THE FUSE

A therapy that would once have been considered a feat of science fiction has reversed aggressive and incurable blood cancers in some patients, doctors report.

The treatment involves precisely editing the DNA in white blood cells to transform them into a cancer-fighting "living drug".

The first girl to be treated, whose story we reported in 2022, is still free of the disease and now plans to become a cancer scientist.

Now eight more children and two adults with T-cell acute lymphoblastic leukaemia have been treated, with almost two thirds (64%) of patients in remission.

T-cells are supposed to be the body's guardians - seeking out and destroying threats - but in this form of leukaemia, they grow out of control.

For those on the trial, chemotherapy and bone marrow transplants had failed. Apart from the experimental medicine, the only option left was to make their death more comfortable.

"I really did think that I was going to die and I wouldn't be able to grow up and do all the things that every child deserves to be able to do," says 16-year-old Alyssa Tapley from Leicester.

She was the first person in the world to have the treatment at Great Ormond Street Hospital and is now enjoying life.

The revolutionary treatment three years ago involved wiping out her old immune system and growing a new one. She spent four months in hospital and couldn't see her brother in case he brought in an infection.

But now her cancer is undetectable and she needs only annual check-ups. Alyssa is doing her A-levels, the Duke of Edinburgh Award, eyeing up driving lessons and planning her future.

"I'm looking into doing an apprenticeship in biomedical science, and hopefully one day I'll go into blood cancer research as well," she said.

Girl with long brown hair and wearing glasses stairs down a microscope in a biology class.

The team at University College London (UCL) and Great Ormond Street Hospital used a technology called base editing.

Bases are the language of life. The four types of base - adenine (A), cytosine (C), guanine (G) and thymine (T) - are the building blocks of our genetic code. Just as letters in the alphabet spell out words that carry meaning, the billions of bases in our DNA spell out the instruction manual for our body.

Base editing allows scientists to zoom to a precise part of the genetic code and then alter the molecular structure of just one base, converting it from one type to another and rewriting the instruction manual.

Researchers wanted to harness the natural power of healthy T-cells to seek out and destroy threats and turn that against the T-cell acute lymphoblastic leukaemia.

This is a tricky feat. They had to engineer the good T-cells to hunt the bad ones without the treatment annihilating itself.

A five-step process showing how the treatment works. 1 shows a red circular cell with Y-shaped structures on the outside representing the cancerous T-cells. 2 shows a twirl of DNA with one "C" identified. 3 shows a blue circular cell with the DNA inside representing the editing of the donor T-cells. 4. Shows further modification of the T-cell. 5. Shows the blue T-cell attacking the red cancerous one.

They started with healthy T-cells from a donor and set about modifying them.

The first base edit disabled the T-cells' targeting mechanism so they could not attack the patient's body.

The second removed a chemical marking, called CD7, which is on all T-cells. Removing it is essential for preventing the therapy from self-destructing

The third edit was an "invisibility cloak" that prevented the cells being killed by a chemotherapy drug.

The final stage of genetic modification instructed the T-cells to go hunting for anything with the CD7 marking on it.

Now the modified T-cells would destroy every other T-cell they found whether they were cancerous or healthy, but they would not attack each other.

The therapy is infused into patients and if their cancer cannot be detected after four weeks, then patients have a bone marrow transplant to regrow their immune system.

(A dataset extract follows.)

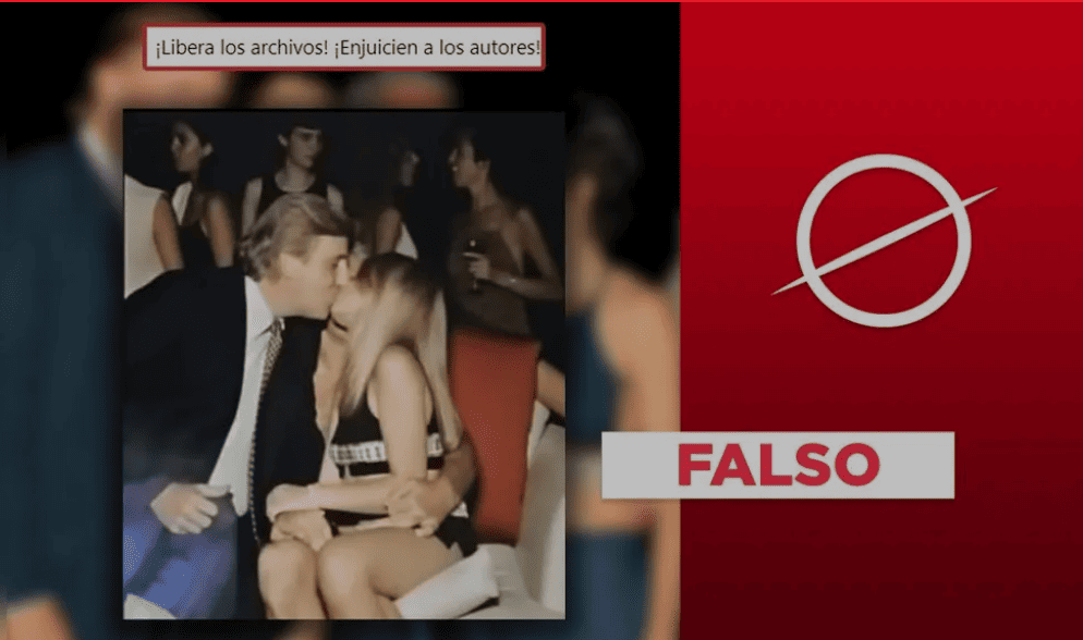 Aunque aún existen denuncias activas e incluso veredictos de tribunales que acusan a Donald Trump, aún se siguen propagando varias teorías conspirativas. Una de ellas es esta imagen y video que supuestamente muestra al magnate y presidente de los Estados Unidos besándose con una menor de edad. No obstante, se trata de un bulo basado en otro bulo.

"A few years ago, this would have been science fiction," says Prof Waseem Qasim from UCL and Great Ormond Street.

"We have to basically dismantle the entire immune system.

"It's a deep, intensive treatment, it's very demanding on the patients, but when it works, it's worked very well."

The study, published in the New England Journal of Medicine, reports the results of the first 11 patients treated across Great Ormond Street and King's College Hospital. It shows nine achieved a deep remission that enabled them to go for a bone marrow transplant.

Seven remain disease-free between three months and three years after treatment.

One of the biggest risks of treatment include infections while the immune system is wiped out.

In two cases, the cancer did lose its CD7 markings, allowing it to hide from the treatment and rebound in the body.

"Given how aggressive this particular form of leukaemia is, these are quite striking clinical results, and obviously, I'm very happy that we managed to offer hope to patients that otherwise have lost it," said Dr Robert Chiesa from the bone-marrow transplant department at Great Ormond Street Hospital.

Dr Deborah Yallop, consultant Haematologist at King's, said: "We've seen impressive responses in clearing leukaemia that seemed incurable - it's a very powerful approach."

Commenting on the research, Dr Tania Dexter, senior medical officer at UK stem cell charity Anthony Nolan, said: "Considering these patients had a low chance of survival before the trial, these results bring hope that treatments like this will continue to advance and become available to more patients."